▶ COLLECTED DATA:

***

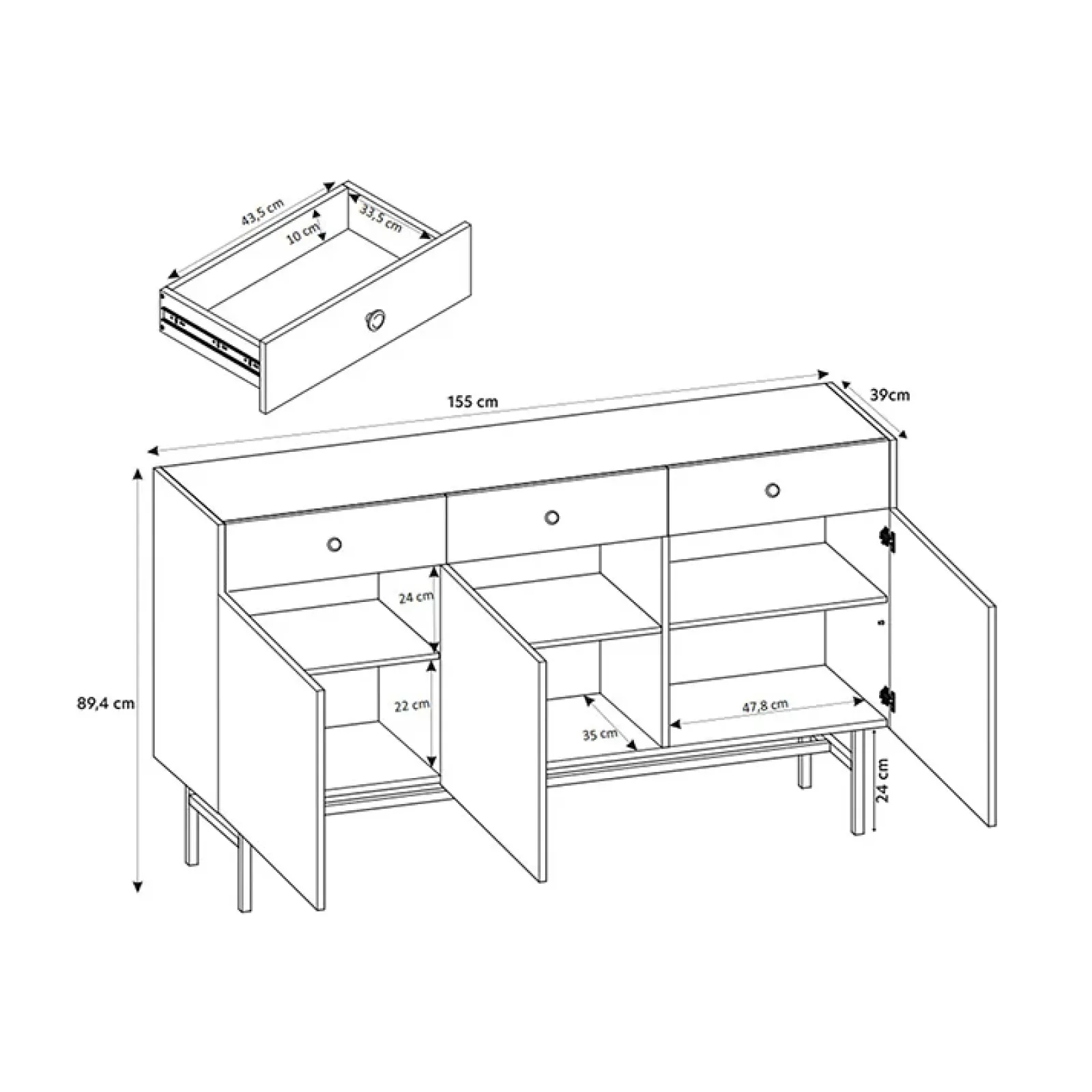 - dimensioni: L.155 x H.89.4 x P.39 cm
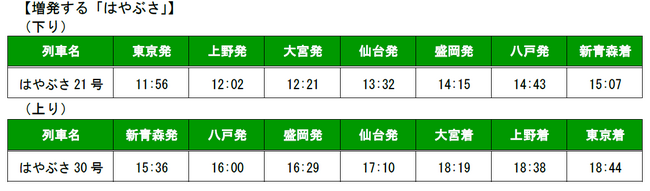 I.新幹線1. 東北新幹線「はやぶさ」を増発します 下りは東京駅11時台発の「はやぶさ」を増発し、東京駅7~11時台発の時間帯は「はやぶさ」を毎時2本以上運転します。上りは現在盛岡発東京行きとして運転している東京駅18時台着の「はやぶさ」の始発駅を新青森駅に変更します。
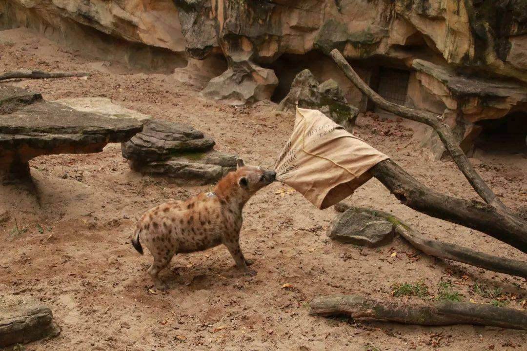 如果是一群斑鬣狗,那麼斑鬣狗的進食速度會非常快,它們在進食時不會顧及自己吃的是不是腸道,而是會盡可能把能吃的都吃進去。在吃的過程中,腸道會破裂,腸容物會被甩出來,但即便如此,腸道內表面也會附著較多的食物殘渣,這些殘渣會被斑鬣狗吞下肚子里。
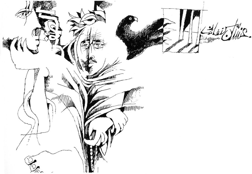 Two Men Early paintings & drawings   1980, board, drawing, Early paintings & drawings, Pen and ink Kamal Boullata, ‘Two Men’, 1980. For ‘The Falcon,’ a short story by Ghassan Kanafani. Pen and ink on board, 29 x 38 cm

***

▶ WHAT TO DO: Leave out the pictures, and write out exactly the lines from the one containing "如果是一群斑鬣狗,那麼斑鬣狗" through the last line of the listing, both included.

▶ SOLVED PROBLEM:
 如果是一群斑鬣狗,那麼斑鬣狗的進食速度會非常快,它們在進食時不會顧及自己吃的是不是腸道,而是會盡可能把能吃的都吃進去。在吃的過程中,腸道會破裂,腸容物會被甩出來,但即便如此,腸道內表面也會附著較多的食物殘渣,這些殘渣會被斑鬣狗吞下肚子里。
 Two Men Early paintings & drawings   1980, board, drawing, Early paintings & drawings, Pen and ink Kamal Boullata, ‘Two Men’, 1980. For ‘The Falcon,’ a short story by Ghassan Kanafani. Pen and ink on board, 29 x 38 cm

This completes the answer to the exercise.